Nov. 27, 2008 (From the Nov. 14, edition of Street Roots)
Warming centers replace ‘severe weather’ alerts for getting the sick and homeless off Portland’s wet streets (By Amanda Waldroupe, Contributing Writer)
The troubling results of the Portland Vulnerability Index survey on the health and likelihood of death among Portland’s homeless has spurred the city and housing bureau to act quickly as cold weather sets in.
On Wednesday, Nov. 19 the Portland City Council is expected to vote to provide $200,000 in funding to create two new “warming centers” that will allow 150 to 200 homeless individuals and families to escape the nighttime cold between November and March.
The proposal comes from City Commissioner Nick Fish and the Bureau of Housing and Community Development, which has already secured $100,000 from Multnomah County for a family-focused warming center. The council is also being asked to provide $42,000 to cover the shortfall in funding for already approved winter shelters for men and women.
In the past six months, Portland providers have reported a 50 to 60 percent increase in the number of families seeking shelter, showing that the national recession is having local repercussions, necessitating an increased safety net in times of scant resources.
“These aren’t numbers, they’re people,” says Dennis Lundberg, an outreach worker with Janus Youth, an agency serving homeless youths, “and they are sick.”
However, the numbers could be leveraged into more funding to meet the demand.
“I hope (the Vulnerability Index) leverages more resources,” says City Commission Nick
Fish, who oversees the city’s efforts to end homelessness. Fish notes that while the city and county are in the “teeth” of a recession, “the moral case is clear.”
“The bottom line is, with the results of the Vulnerability Index survey, we’re going to do a few things differently,” Fish says.
That includes targeting the most medically vulnerable individuals and “expeditiously” moving them into supportive housing.
To that end, the Bureau of Housing and Community Development will begin working to place 50 of the most medically vulnerable individuals into emergency winter housing.
Additionally, 10 of the most severely medically vulnerable will be placed into housing that provides health care.
The Vulnerability Index found that of the 646 people surveyed, nearly half (47 percent) face an increased risk of death if they remain homeless without medical treatment. That far exceeds the national average of 40-41 percent. (See “Measuring our Vulnerability,” Street Roots, Oct. 31, 2008)
One warming center is planned for downtown Portland; the second in East County. Both will be low-barrier, and priority will be given to families with children, youth under the age of 21, pregnant women and medically vulnerable adults.
The warming centers replace the city’s past program for severe weather, which provided additional emergency shelter on nights when the temperature dipped below freezing. Those services, by the housing bureau’s own assessment, were subjective, complicated, and rarely met the need for a warm place for everyone who needed them. This was especially true for families, pregnant women, youth and those with health concerns and other conditions that made them feel vulnerable. However, the warming centers will not offer any services beyond a blanket, mat on the floor or cot, and warm food.

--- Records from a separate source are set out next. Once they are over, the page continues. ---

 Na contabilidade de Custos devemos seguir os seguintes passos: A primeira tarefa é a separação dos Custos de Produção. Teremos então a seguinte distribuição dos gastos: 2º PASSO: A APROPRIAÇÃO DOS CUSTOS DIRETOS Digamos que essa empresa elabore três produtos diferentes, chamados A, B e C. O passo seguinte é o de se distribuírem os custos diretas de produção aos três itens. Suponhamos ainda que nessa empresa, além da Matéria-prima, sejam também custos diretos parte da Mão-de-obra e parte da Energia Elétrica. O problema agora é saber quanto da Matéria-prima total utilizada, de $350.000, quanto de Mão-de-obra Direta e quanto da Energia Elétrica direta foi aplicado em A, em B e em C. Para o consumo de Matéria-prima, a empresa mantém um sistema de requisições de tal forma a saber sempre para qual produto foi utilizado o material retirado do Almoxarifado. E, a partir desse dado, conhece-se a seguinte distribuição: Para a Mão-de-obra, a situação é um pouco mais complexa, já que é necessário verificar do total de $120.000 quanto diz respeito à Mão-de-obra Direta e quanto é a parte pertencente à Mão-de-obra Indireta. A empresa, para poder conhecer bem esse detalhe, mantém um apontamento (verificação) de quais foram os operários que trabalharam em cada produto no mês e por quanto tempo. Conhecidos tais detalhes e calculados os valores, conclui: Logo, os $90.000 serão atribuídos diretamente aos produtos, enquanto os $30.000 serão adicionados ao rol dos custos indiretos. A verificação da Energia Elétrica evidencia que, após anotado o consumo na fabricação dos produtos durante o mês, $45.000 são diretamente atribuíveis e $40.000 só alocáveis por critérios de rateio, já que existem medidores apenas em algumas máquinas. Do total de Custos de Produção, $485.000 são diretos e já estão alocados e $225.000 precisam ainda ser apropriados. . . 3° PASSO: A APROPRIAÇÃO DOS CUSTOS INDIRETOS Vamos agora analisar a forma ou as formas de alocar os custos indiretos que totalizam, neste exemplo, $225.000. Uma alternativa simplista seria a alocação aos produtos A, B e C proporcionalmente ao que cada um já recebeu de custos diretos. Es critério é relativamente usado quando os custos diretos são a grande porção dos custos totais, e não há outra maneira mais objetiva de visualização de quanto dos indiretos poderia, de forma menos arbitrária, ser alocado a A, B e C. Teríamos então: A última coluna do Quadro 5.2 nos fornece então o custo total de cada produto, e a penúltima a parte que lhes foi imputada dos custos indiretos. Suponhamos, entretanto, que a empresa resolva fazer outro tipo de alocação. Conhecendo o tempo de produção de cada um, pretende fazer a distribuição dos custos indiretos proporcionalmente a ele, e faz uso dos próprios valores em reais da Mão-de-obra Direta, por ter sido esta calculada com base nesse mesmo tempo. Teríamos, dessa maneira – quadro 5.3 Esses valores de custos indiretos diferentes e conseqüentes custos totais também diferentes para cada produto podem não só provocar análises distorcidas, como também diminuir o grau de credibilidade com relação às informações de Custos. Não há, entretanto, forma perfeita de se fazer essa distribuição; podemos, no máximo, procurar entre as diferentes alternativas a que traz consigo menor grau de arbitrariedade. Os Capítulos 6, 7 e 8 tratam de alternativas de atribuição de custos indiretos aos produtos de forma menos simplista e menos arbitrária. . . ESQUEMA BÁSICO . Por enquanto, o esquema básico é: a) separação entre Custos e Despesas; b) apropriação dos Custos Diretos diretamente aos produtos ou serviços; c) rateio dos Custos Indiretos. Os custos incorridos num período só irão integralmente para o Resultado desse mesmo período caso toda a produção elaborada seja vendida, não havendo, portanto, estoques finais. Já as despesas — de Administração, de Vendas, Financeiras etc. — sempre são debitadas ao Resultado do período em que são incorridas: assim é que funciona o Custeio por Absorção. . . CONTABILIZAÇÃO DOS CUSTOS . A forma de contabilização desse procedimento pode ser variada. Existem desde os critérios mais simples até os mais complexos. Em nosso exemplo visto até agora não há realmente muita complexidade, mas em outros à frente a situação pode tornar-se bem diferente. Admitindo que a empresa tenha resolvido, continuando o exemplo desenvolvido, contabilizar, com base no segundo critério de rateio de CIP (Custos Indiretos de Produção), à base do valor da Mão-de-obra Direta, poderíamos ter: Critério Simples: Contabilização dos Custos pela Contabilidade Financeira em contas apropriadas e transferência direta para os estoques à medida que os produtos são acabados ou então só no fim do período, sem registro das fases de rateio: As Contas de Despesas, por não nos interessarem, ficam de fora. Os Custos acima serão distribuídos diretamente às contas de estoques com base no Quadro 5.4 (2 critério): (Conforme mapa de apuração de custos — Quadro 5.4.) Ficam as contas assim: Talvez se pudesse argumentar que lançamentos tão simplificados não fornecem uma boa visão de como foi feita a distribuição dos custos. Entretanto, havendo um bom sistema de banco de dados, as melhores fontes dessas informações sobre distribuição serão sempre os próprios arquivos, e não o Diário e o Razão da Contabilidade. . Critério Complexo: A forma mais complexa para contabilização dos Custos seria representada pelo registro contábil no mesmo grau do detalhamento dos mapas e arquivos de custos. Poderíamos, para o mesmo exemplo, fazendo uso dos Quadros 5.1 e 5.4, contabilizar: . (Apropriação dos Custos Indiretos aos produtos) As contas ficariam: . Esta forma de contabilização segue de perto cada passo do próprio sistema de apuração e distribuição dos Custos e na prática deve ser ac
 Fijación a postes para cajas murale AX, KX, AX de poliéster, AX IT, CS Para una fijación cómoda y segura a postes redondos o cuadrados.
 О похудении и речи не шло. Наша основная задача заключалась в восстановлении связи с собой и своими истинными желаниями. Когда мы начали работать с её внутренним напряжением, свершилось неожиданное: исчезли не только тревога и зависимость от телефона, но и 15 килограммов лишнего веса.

The warming centers – essentially more shelters – would appear to be a backward step for a city emphasizing placing homeless individuals directly into permanent housing above all in its plan to end homelessness.
The dilemma between the belief that shelters waste money and resources because they do not solve homelessness, and the moral imperative many feel to provide homeless individuals an escape from the winter cold has, in the past, sparked tension.
What exists now, according to Fish, is not an “either or” model, but an understanding that shelters and other means of providing a safety net can co-exist with the city’s goal to end homelessness.
The results of the Vulnerability Index survey also increase the urgency of furthering the city’s long-term housing goals, including building the Resource Access Center (the new name for what had been called the homeless day access center) and more units of permanent supportive housing.
“I think warming centers are a good idea but they should be seen for what they are: Band-aid solutions to people dying on the streets of Portland during our coldest and wettest seasons,” Lundberg says.
Given the Vulnerability Index’s statistics, effective long-term solutions may involve increasing funding for “effective mental health resources, viable and affordable health coverage, and a broad array of addiction treatment options,” Lundberg says.
While capacity for providing health care has never seemed more necessary, Rachel Solotaroff, the medical director for the Old Town Clinic, says the Clinic’s capacity to provide health care to uninsured and low-income individuals is already “totally maxed out.”
“Not having the health care capacity is a huge issue,” Solotaroff says.
At the same time, Solotaroff says that some of the Vulnerability Index’s statistics show that the population of vulnerable adults is “not being reached.”